+lemma test_char_inv :
+ ∀sig.∀P:tape sig → Prop.∀f,t,t0.P t → Rtc_true sig f t t0 → P t0.
+#sig #P #f #t #t0 #HPt * #_ //
+qed.
+
+(************************************* swap ***********************************)
+definition swap_states : FinSet → FinSet ≝
+ λalpha:FinSet.FinProd (initN 4) alpha.
+
+definition swap0 : initN 4 ≝ mk_Sig ?? 0 (leb_true_to_le 1 4 (refl …)).
+definition swap1 : initN 4 ≝ mk_Sig ?? 1 (leb_true_to_le 2 4 (refl …)).

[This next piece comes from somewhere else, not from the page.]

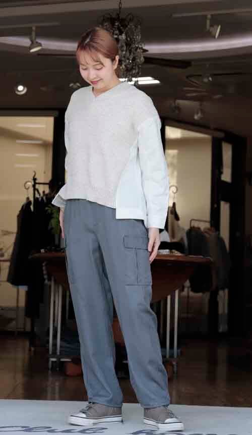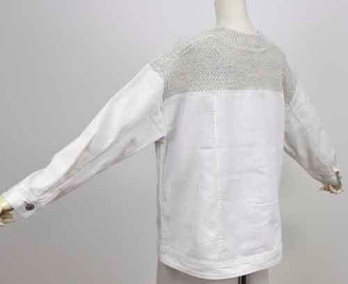 ※ご来店のお客様を優先させて頂きます。在庫確認の為に必ずクラブハウスへご連絡下さい(電話096-387-5570 メール[email protected])ミックス編みセーターにデニムのドッキングデザイン。袖口はカフス。着丈の目安はスタッフの身長168cm。2カラー(ホワイト、ブルー
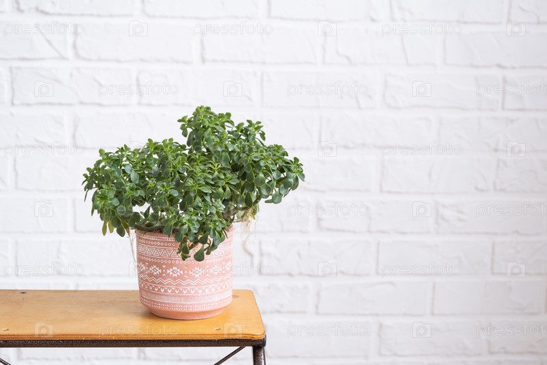 Aichryson дерево любви крупный план в интерьере на белой кирпичной стене. комнатные растения в горшках, зеленый домашний декор, уход и выращивание

+definition swap2 : initN 4 ≝ mk_Sig ?? 2 (leb_true_to_le 3 4 (refl …)).
+definition swap3 : initN 4 ≝ mk_Sig ?? 3 (leb_true_to_le 4 4 (refl …)).
+
+definition swap_r ≝
+ λalpha:FinSet.λfoo:alpha.
+ mk_TM alpha (swap_states alpha)
+ (λp.let 〈q,a〉 ≝ p in
+ let 〈q',b〉 ≝ q in
+ let q' ≝ pi1 nat (λi.i<4) q' in
+ match a with
+ [ None ⇒ 〈〈swap3,foo〉,None ?〉 (* if tape is empty then stop *)
+ | Some a' ⇒
+ match q' with
+ [ O ⇒ (* q0 *) 〈〈swap1,a'〉,Some ? 〈a',R〉〉 (* save in register and move R *)
+ | S q' ⇒ match q' with
+ [ O ⇒ (* q1 *) 〈〈swap2,a'〉,Some ? 〈b,L〉〉 (* swap with register and move L *)
+ | S q' ⇒ match q' with
+ [ O ⇒ (* q2 *) 〈〈swap3,foo〉,Some ? 〈b,N〉〉 (* copy from register and stay *)
+ | S q' ⇒ (* q3 *) 〈〈swap3,foo〉,None ?〉 (* final state *)
+ ]
+ ]
+ ]])
+ 〈swap0,foo〉
+ (λq.\fst q == swap3).
+
+definition Rswap_r ≝
+ λalpha,t1,t2.
+ (∀b,ls.
+ t1 = midtape alpha ls b [ ] →
+ t2 = rightof ? b ls) ∧
+ (∀a,b,ls,rs.
+ t1 = midtape alpha ls b (a::rs) →
+ t2 = midtape alpha ls a (b::rs)).
+
+lemma sem_swap_r : ∀alpha,foo.
+ swap_r alpha foo ⊨ Rswap_r alpha.
+#alpha #foo *
+ [@(ex_intro ?? 2) @(ex_intro … (mk_config ?? 〈swap3,foo〉 (niltape ?)))
+ % [% |% [#b #ls | #a #b #ls #rs] #H destruct]
+ |#l0 #lt0 @(ex_intro ?? 2) @(ex_intro … (mk_config ?? 〈swap3,foo〉 (leftof ? l0 lt0)))
+ % [% | % [#b #ls | #a #b #ls #rs] #H destruct]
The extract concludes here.